Calculate Cramér's V for all pairs of categorical columns.
Returns a correlation-style matrix.
"""
n_cols = len(columns)
matrix = np.zeros((n_cols, n_cols))
for i, col1 in enumerate(columns):
for j, col2 in enumerate(columns):
if i == j:
matrix[i, j] = 1.0
elif i < j:
# Create contingency table
contingency = pd.crosstab(df[col1], df[col2])
v = association(contingency.values, method="cramer")
matrix[i, j] = v
matrix[j, i] = v
return pd.DataFrame(matrix, index=columns, columns=columns)
# Calculate association matrix
categorical_cols = ['age_group', 'education', 'income_bracket', 'satisfaction']
v_matrix = calculate_cramers_v_matrix(data, categorical_cols)
print("Cramér's V Association Matrix:")
print(v_matrix.round(3))
print()
# Detailed analysis of strongest association
print("Detailed Analysis: Education vs Income")
contingency = pd.crosstab(data['education'], data['income_bracket'])
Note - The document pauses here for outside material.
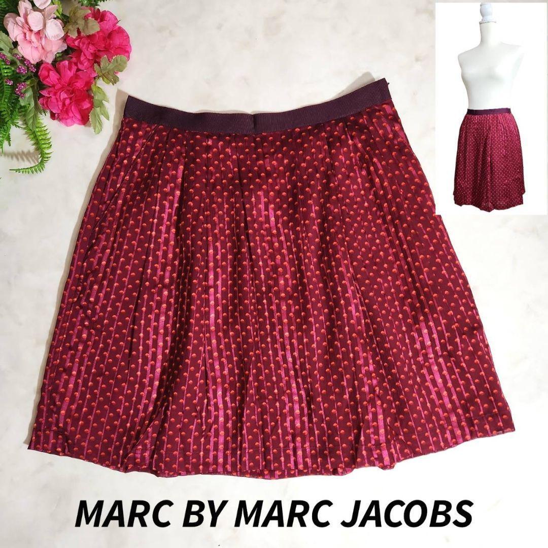 - MARC JACOBS 絹シルク100% 総柄ミニスカート 赤&オレンジ8288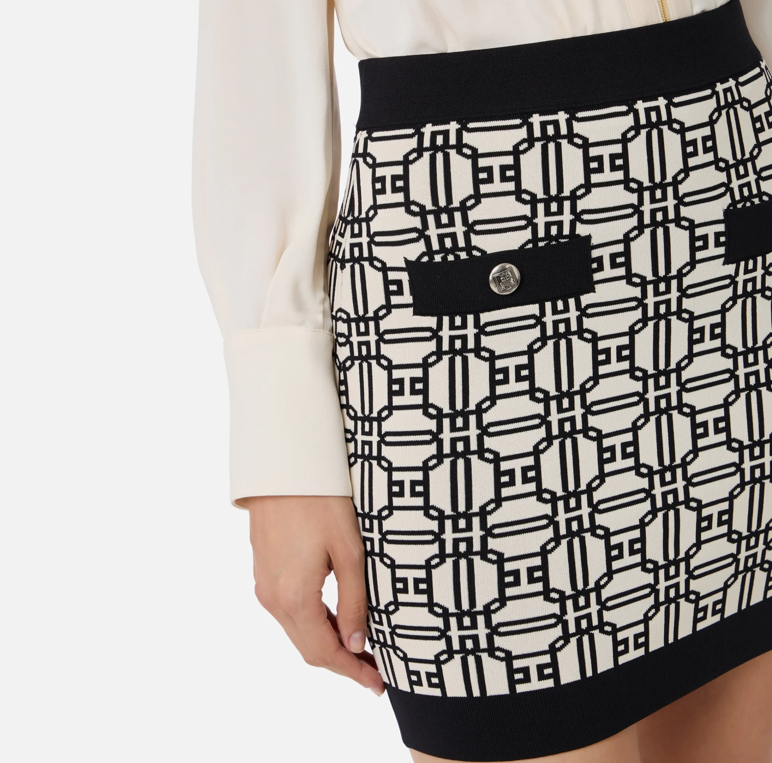 Gonne|Elisabetta Franchi Minigonna in viscosa jacquard con logo Burro/Nero

print("\nContingency Table:")
print(contingency)
chi2, p_value, dof, expected = chi2_contingency(contingency)
v = association(contingency.values, method="cramer")
print(f"\nChi-square: {chi2:.2f}")
print(f"P-value: {p_value:.4f}")
print(f"Cramér's V: {v:.4f}")
# Visualize the association matrix
plt.figure(figsize=(10, 8))
mask = np.triu(np.ones_like(v_matrix, dtype=bool), k=1)
sns.heatmap(
v_matrix,
annot=True,
fmt='.3f',
cmap='Blues',
vmin=0,
vmax=1,
mask=mask,
square=True,
linewidths=0.5
)
plt.title("Cramér's V Association Matrix\n(0 = no association, 1 = perfect association)")
plt.tight_layout()
plt.savefig('cramers_v_heatmap.png', dpi=150)
plt.show()
This produces a heatmap showing association strength between all variable pairs, making it easy to identify which categorical variables are related.
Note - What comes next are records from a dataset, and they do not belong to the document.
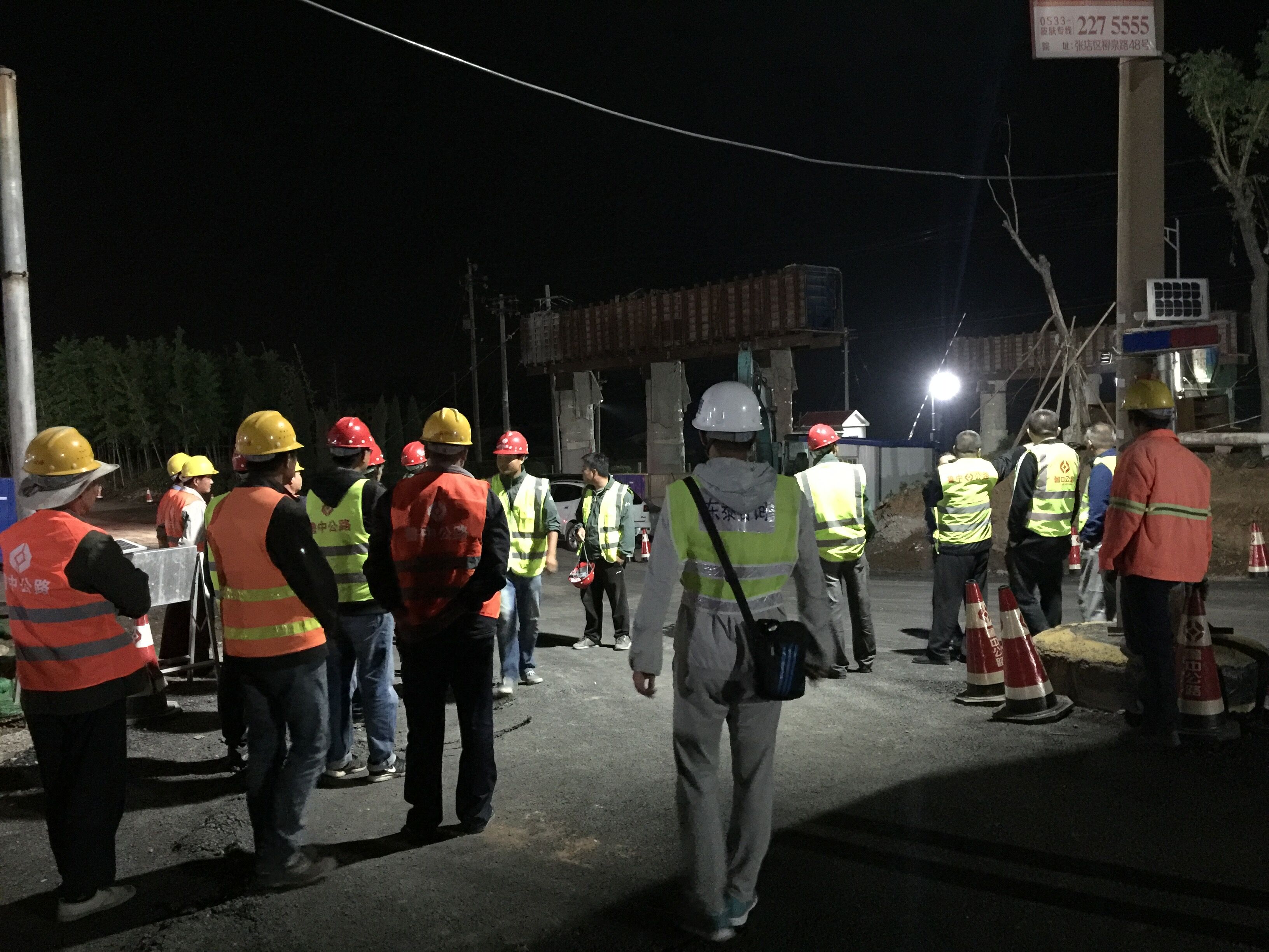 5月20日起淄博市公路管理局、總監(jiān)處、公司領(lǐng)導(dǎo)都高度重視跨張博路40米箱梁吊裝安全問題,公路局、總監(jiān)處、公司基地及橋隧工程分公司領(lǐng)導(dǎo)都輪流值班盯控。箱梁吊裝安全主要包括張博路交通安全及架橋機(jī)施工安全,由于張博路交通量大,所以交通安全刻不容緩。根據(jù)交通組織方案內(nèi)容,凌晨0點(diǎn)—凌晨5點(diǎn)進(jìn)行張博路交通封閉,改路道臨時(shí)便道。業(yè)務(wù)二部經(jīng)理周勇勇全面負(fù)責(zé)箱梁吊裝及交通安全工作;業(yè)務(wù)二部總工黎正新領(lǐng)導(dǎo)交通安全一隊(duì)主要張博路往張店方向標(biāo)志、標(biāo)牌、安全設(shè)施、反光錐擺放,交通安全及吊梁安全工作;業(yè)務(wù)二部工程部部長李杭岳領(lǐng)導(dǎo)交通安全二隊(duì)主要張博路往博山方向標(biāo)志、標(biāo)牌、安全設(shè)施、反光錐擺放,交通安全及吊梁安全工作。業(yè)務(wù)二部員工在交通封閉期間全部堅(jiān)守崗位,無論是從后勤方面、施工層面還是安全側(cè)面都要時(shí)刻保證吊裝及交通安全。通過幾天的進(jìn)程,上跨張博路箱梁吊裝工作已經(jīng)步入正軌,各級領(lǐng)導(dǎo)及全體業(yè)務(wù)部人員共同期待上跨張博路貫通時(shí)刻。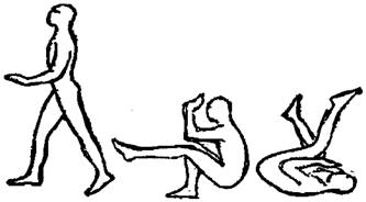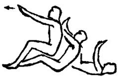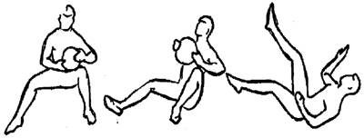 Падіння перекочуванням на спину або бік - одне з найбільш простих. Воно виконується з кроком вперед однією ногою, друга нога при цьому згинається і колінному і тазостегновому суглобах. Сідаючи на підлогу у п'яти зігнутої ноги (центр тяжіння за опорою), перекотитися через спину (рисунок 2.25) або бік так само, як при перекочуванні.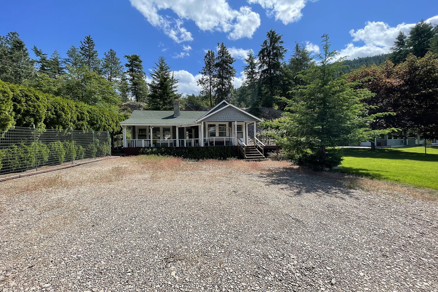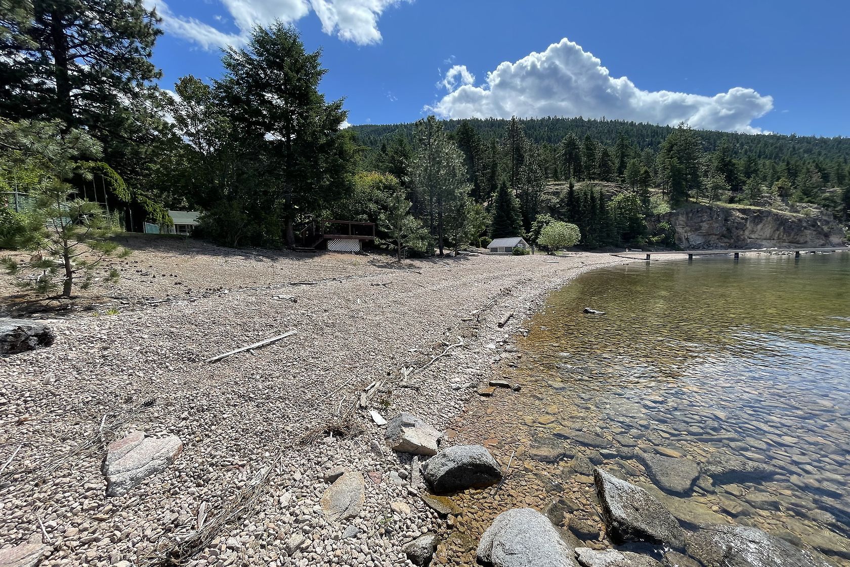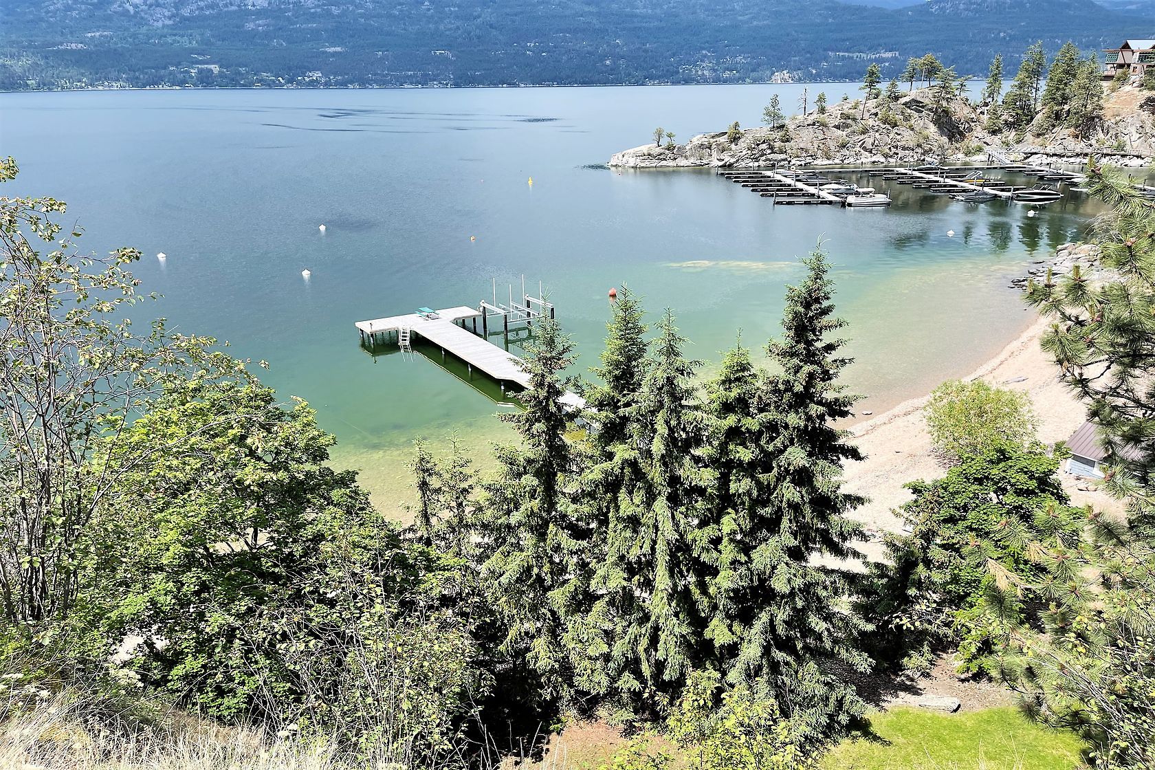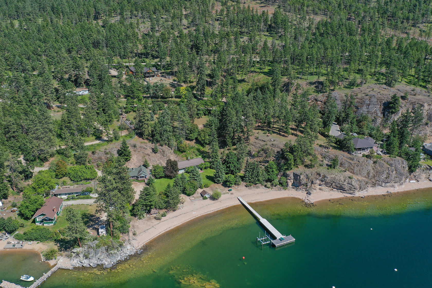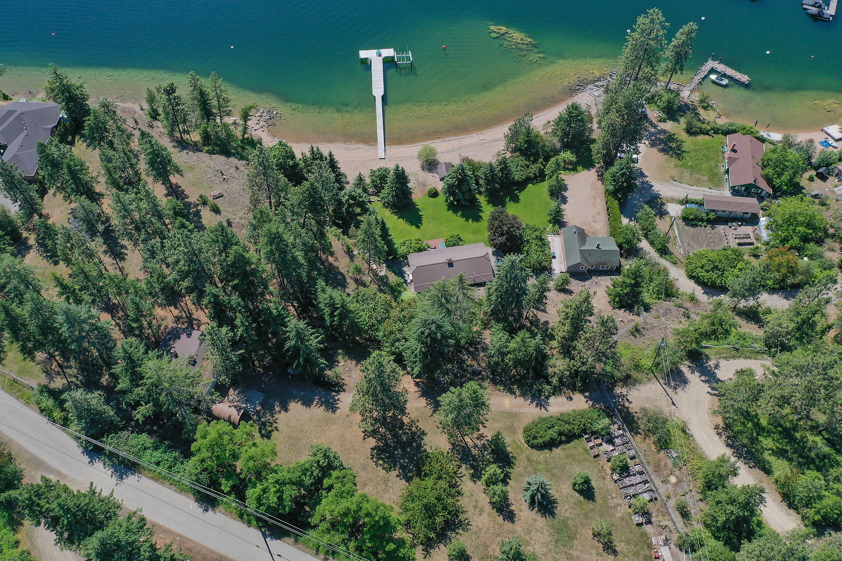 Sand, Sunsets & Space. This is a rare Gem with approx. 3 acres & 415 feet of gorgeous level Lakefront with a Home, Cottage & Shop awaiting your ideas....dream big, this property has it all and more! Large lawn area at Lakeside with the kind of privacy only a large acreage can provide and all gated and fenced. The upper area is huge with fruit trees, shop and an amazing rock bluff view of the lake and mountains. Recent dock with 16,000 Lb lift, end of the road privacy, expansive lawn, wide and deep lake frontage and crystal clear water awaits you. Truly, this property will inspire you and provide decades of enjoyment and memories. There is only one of these properties!

Interpreting Results and Best Practices
Here are widely-used guidelines for interpreting Cramér’s V:
| Value | Interpretation |
|---|---|
| 0.00 - 0.10 | Negligible |
| 0.10 - 0.20 | Weak |
| 0.20 - 0.40 | Moderate |
| 0.40 - 0.60 | Relatively strong |
| 0.60 - 0.80 | Strong |
| 0.80 - 1.00 | Very strong |
These thresholds are rules of thumb, not hard boundaries. Context matters—a V of 0.15 might be meaningful in social science research but trivial in a controlled experiment.
Common pitfalls to avoid:
-
Ignoring sample size: Always report n alongside Cramér’s V. A V of 0.5 with n=30 is far less reliable than V of 0.3 with n=1000.
-
Sparse tables: When many cells have expected frequencies below 5, chi-square (and thus Cramér’s V) becomes unreliable. Consider collapsing categories or using Fisher’s exact test for small tables.
-
Confusing association with causation: Cramér’s V measures association, not causal relationships. A strong V between ice cream sales and drowning deaths doesn’t mean ice cream causes drowning.
-
Comparing across studies without context: A V of 0.25 in a 2×2 table means something different than in a 10×10 table. The maximum achievable V depends on the marginal distributions.
When Cramér’s V isn’t appropriate, consider these alternatives: Goodman and Kruskal’s lambda for asymmetric associations, uncertainty coefficient for information-theoretic interpretation, or polychoric correlation when your ordinal categories represent an underlying continuous variable.